(Records from a dataset)
------------------------------------
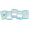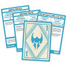 El nombre del conjuro y la información importante se muestran visiblemente para una referencia rápida. El texto descriptivo y mecánicas de juego aparecen al completo siempre que es posible, cuando no ha sido posible, se indica la página del libro para consultar. Los hechizos con mejoras tienen un apartado añadido que explica dicha mejora. El reverso de las cartas indica visiblemente el nivel del conjuro para facilitar la consulta.
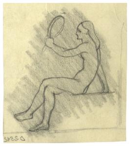 Donna seduta che tiene in mano uno specchio (studio di copertina o illustrazione di Papini, Scritti filosofici)
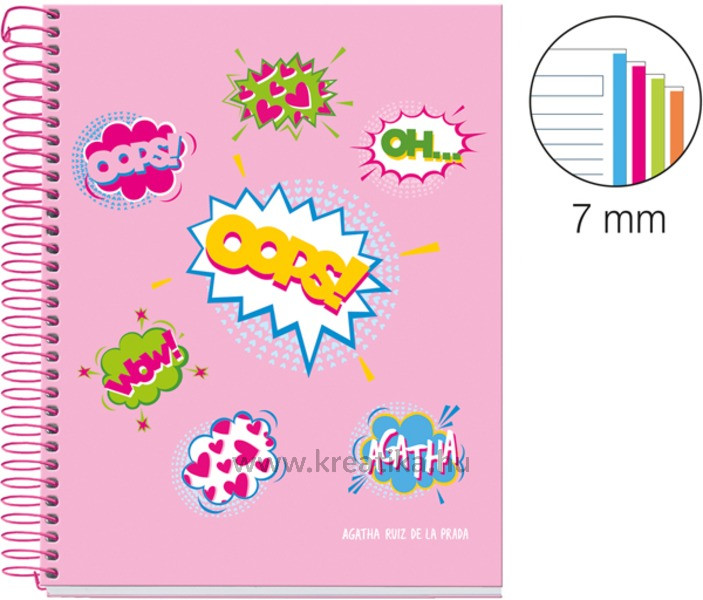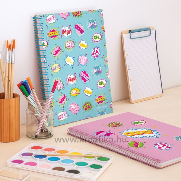 Spirálfüzet A/5 4x30 lapos, vonalas MQ "Wow" rózsaszín
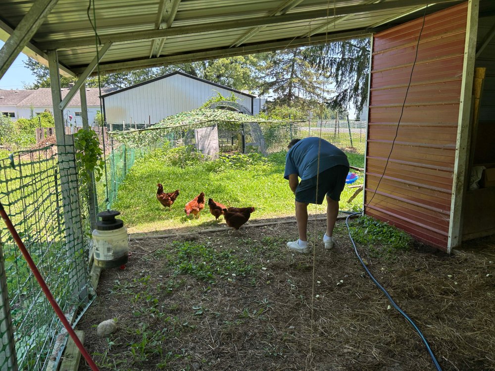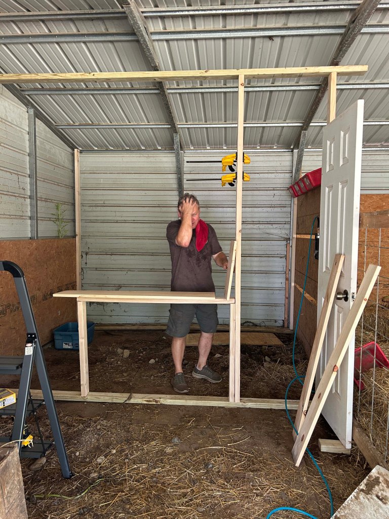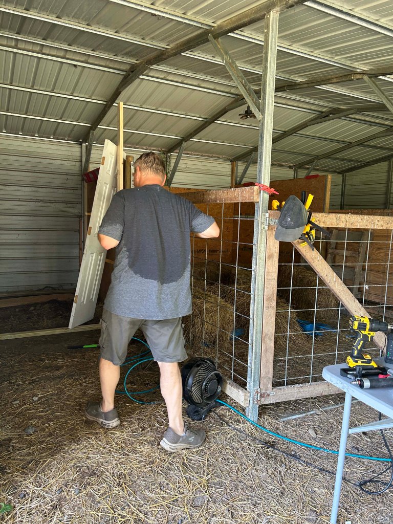 A lot of people online talk about the $3K egg, and there is a lot of truth to that. To get that first egg many people spend thousands on all the things they need. We spent more like $800 on everything we needed and I was really lucky because Lee built the coop, and we had existing fencing on the property that was already mostly what we needed, and the previous owners left behind a hefty supply of additional rolls of fencing and posts. The price of premade chicken coops is ridiculous and most of them are super small accommodating only a couple of birds. Thankfully I had an entire barn stall sitting empty and after researching extensively I saw a version where someone converted the stall into a coop. After some thought Lee agreed this was the best way to go and got to work. The pictures below were several days of HARD, sweaty work in above 90 temps and humidity over 85%. I think its beautiful, but of course Lee can only see the flaws, but no doubt it’s way better than any chicken coop I saw under $4K.
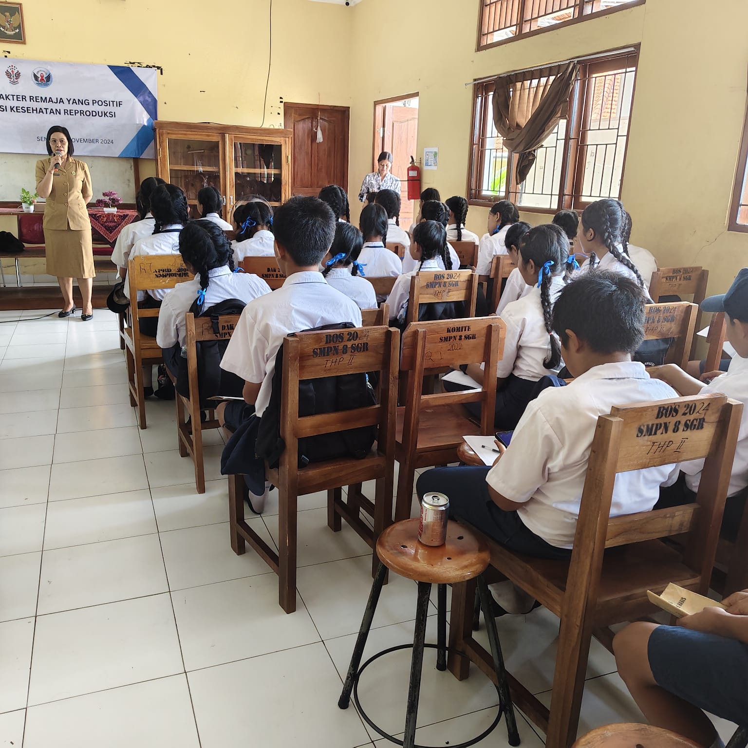 Bid. Keluarga Berencana Ketahanan dan Kesejahteraan Keluarga Dinas P2KBP3A Kabupaten Buleleng Bdn. NYOMAN MANDAYANI, SST.Keb , M.A.P selaku Narasumber Membangun Karakter Remaja yang Positif Melalui Edukasi Kesehatan Reproduksi yang dilaksanakan di SMP Negeri 8 Singaraja.
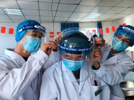 2月11日,终于收到了一批防护面罩,检验科的同事们开心极了。陈梅 摄
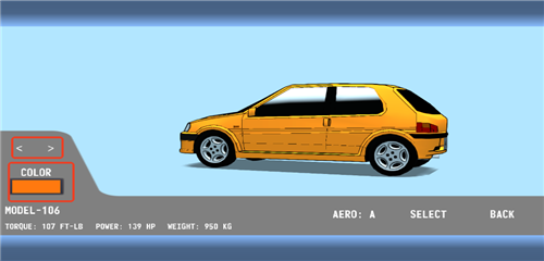 3、更改赛车的外观,我们可以在左侧使用左右箭头来更改颜色,也可以直接点击色块自定义颜色;
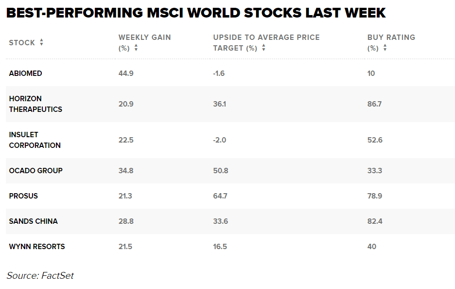 Největší zisk 44,9 % zaznamenala společnost Abiomed díky zprávě z minulého týdne, že ji v hodnotě 16,6 miliardy dolarů koupí společnost Johnson & Johnson. Společnost J&J souhlasila, že zaplatí 380 USD za akcii společnosti Abiomed, což představuje 50,7% prémii oproti pondělní uzavírací ceně 252,08 USD. Akcionáři společnosti Abiomed mají navíc právo získat až 35 USD na akcii v hotovosti, pokud bude dosaženo určitých klinických a obchodních milníků.
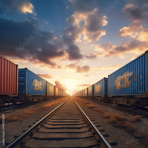 © Daranrat, Fototapeta premium transport containers on a freight train realistic land
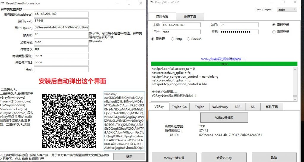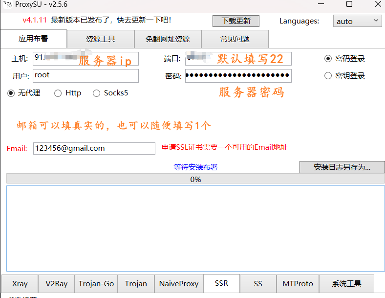 填上ip和密码,端口22和root默认。注意:ProxySU-v2.5.7版本,就算没有域名,在界面上也需要填写1个邮箱,可以是真实的,也可以随便填写1个,比如[email protected] 不然软件无法正常运行。
------------------------------------
## [EXERCISE INSTRUCTIONS]
All lines above between the line that contains "train realistic land" and the last line of the entries, both included, must be transcribed exactly. No pictures are to appear.

## [ANSWER BOX]
 © Daranrat, Fototapeta premium transport containers on a freight train realistic land
 填上ip和密码,端口22和root默认。注意:ProxySU-v2.5.7版本,就算没有域名,在界面上也需要填写1个邮箱,可以是真实的,也可以随便填写1个,比如[email protected] 不然软件无法正常运行。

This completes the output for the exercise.